Tangle of Need (Psy-Changeling #11)(51)



An inscrutable look before she put two fingers to her mouth and whistled. “Israel, Charlie, Vincent. You’re with Riaz.”

After he’d given the boys a quick tutorial, Riaz’s team began to snap and screw together the tables and benches. Since except for the occasional event, most wolves preferred to sit or sprawl on the ground, the pack put up and broke down their outdoor furniture as needed. It ensured the forest remained as uncluttered and as untouched as possible, and with the separate components taking up very little room when stacked, storage space wasn’t an issue.

From what he’d glimpsed of the plan, Walker and Lara—or if Riaz had to guess, Lara—had decided on a night picnic, followed by a jazz dance. Soft glowing lights in all the shades of the rainbow would ring the area, the festivities kicking off soon after sunset. The early start made sense, since Walker had a young daughter and was basically Toby’s dad as well.

“It’ll be beautiful,” Adria said to him as he wiped his forearm across his perspiration-damp forehead a couple of hours later. “Suit who Walker and Lara are as a couple.”

Riaz had sent the boys off a few minutes earlier, when Adria dismissed the rest of her crew, and was now completing the final table with her holding the boards in place. “The check marks on the plan,” he said, twisting a rivet into place. “I couldn’t figure out what they were.”

Adria’s sudden laugh was husky and uninhibited. “Giant butterflies—Marlee’s contribution to the decorations. Sienna and Brenna have been conscripted into the task force.”

Man and wolf both chuckled. “Walker Lauren is not exactly the butterfly type.” The lone wolf in Riaz had recognized the other man as dangerous from the first.

“He’s a good dad.” Adria consulted the plan, made him move the table a few feet to the left. “That’s it. Thanks.”

Glancing up at the orange glow of the early evening sky, he said, “I might jog down to the stream, take a dip.” He needed to chill the embers in his gut, a dark, hot flame.
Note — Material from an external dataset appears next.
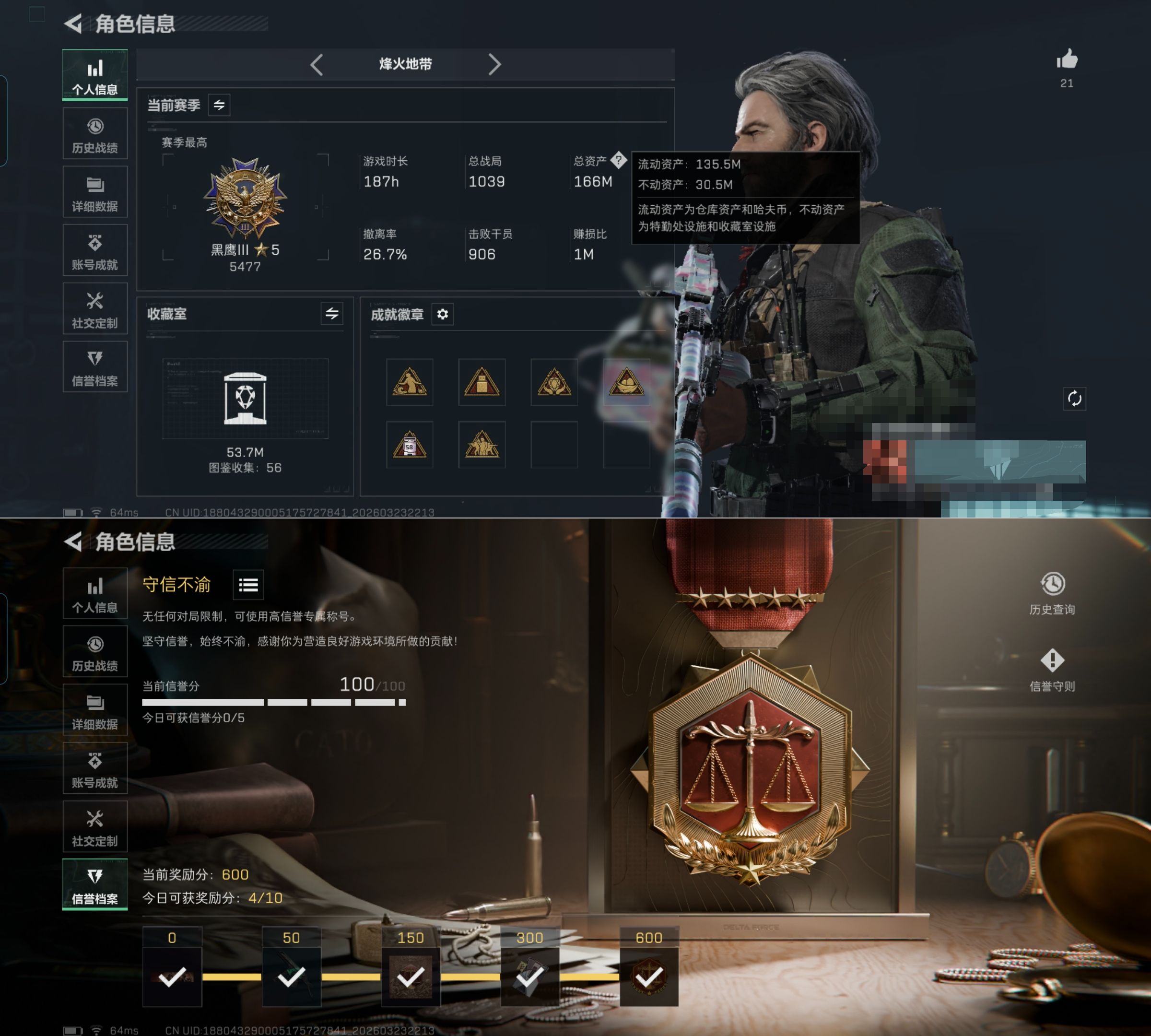 【166M 3干员 处刑者 暗星】三端互通-总价值166M-哈夫币15348k

Adria frowned. “I didn’t know there was one nearby.”

“It’s about a ten-minute jog.” He described the sector, but the lines between her eyebrows didn’t disappear. “Come with me,” he said, clenching his abdomen against the continuing impact of her presence. “It won’t take long.”
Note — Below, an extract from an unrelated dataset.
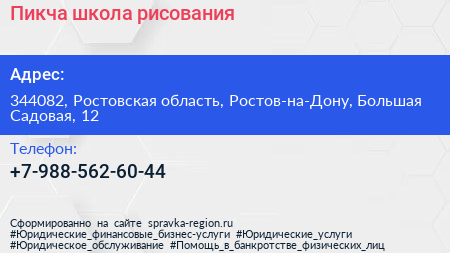 Пикча, школа рисования по адресу 344082, Ростовская область, Ростов-на-Дону, Большая Садовая, 12 в дальнейшем Организация, размещена в следующих категориях:

Her reawakened wariness betrayed itself in the finest flicker of tension across her lashes, but Adria was a SnowDancer soldier. She gave a small nod. “Let’s pack up everything here first.”

That done, Riaz led her into the trees and toward the secluded area where the hidden stream widened into a cold, clear pool half hidden by the gnarled roots of two ancient trees before snaking away and underground again. Though his wolf knew Adria wasn’t his mate and the craving confused it, it clawed at him, wanting to lick up the taste of her. As a result, his jaw was a painful line by the time they reached their destination.
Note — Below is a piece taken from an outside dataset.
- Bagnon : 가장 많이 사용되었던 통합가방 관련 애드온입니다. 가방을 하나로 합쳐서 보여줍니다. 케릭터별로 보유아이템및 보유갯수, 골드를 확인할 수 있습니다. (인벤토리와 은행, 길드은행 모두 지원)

“No wonder I missed it,” Adria said, stepping in front of him and to the water’s edge. “It’s literally tucked between…”

He didn’t hear the rest of what she said, his eyes locked on the bare skin of her nape, her braid having slid over her shoulder. His hand curved around that nape before he was aware of moving. She wrenched away, her eyes slamming into him, bright cobalt touched with purple. For an instant, he froze, but then his wolf roared to the surface and he knew he’d been fooling himself about his ability to resist her.

THE electric charge in those eyes gone a vivid wolf gold raised every hair on Adria’s body. “No.” Not even if the rough heat of contact had rocked a lightning bolt through her. “I told myself I’d never again invite you into my bed and I meant it.”

Riaz flinched. “I’m doing the inviting.”

Bruised pride made her want to repudiate him as he’d repudiated her, but if being with Martin had taught her one thing, it was that her pride could be a terrible weakness. “You’ll just hate me for it.” And she’d had enough of a man’s hatred.

Shuddering, Riaz stalked forward to cup her cheeks in his hands. Startled at the tender hold, she didn’t jerk away when he bent to press his forehead to her own. “No.” A hot breath on her lips, his hands warm and callused on her face. “It’s on me.” Raw, his soul stripped bare. “I can’t carry on as I have been doing.”

“So I’m the bitter pill?” Even as she said that, part of her resonated with the tumult of need and pain tearing him apart.

“Adria—”

“No.” A finger pressed to the firm curves of his lips. “You’re right. You need to make a clean break … and so do I.” She gave him that piece of herself so this wounded wolf would know he wasn’t the only one going into this with the most painful of motivations. It wasn’t simply about the sex any longer, wasn’t simply about assuaging the skin hunger that haunted them both. It was about saying good-bye to a dream that had never had a chance. “But,” she whispered, forcing herself to hold the potent dominance of a gaze that was pure wolf, “you have to be sure.”

“I am.” No hesitation, even if the words were jagged as broken stone. “There’s nothing for me in the past.”

Yes, she thought, the past was forever gone, for both of them. “All right.”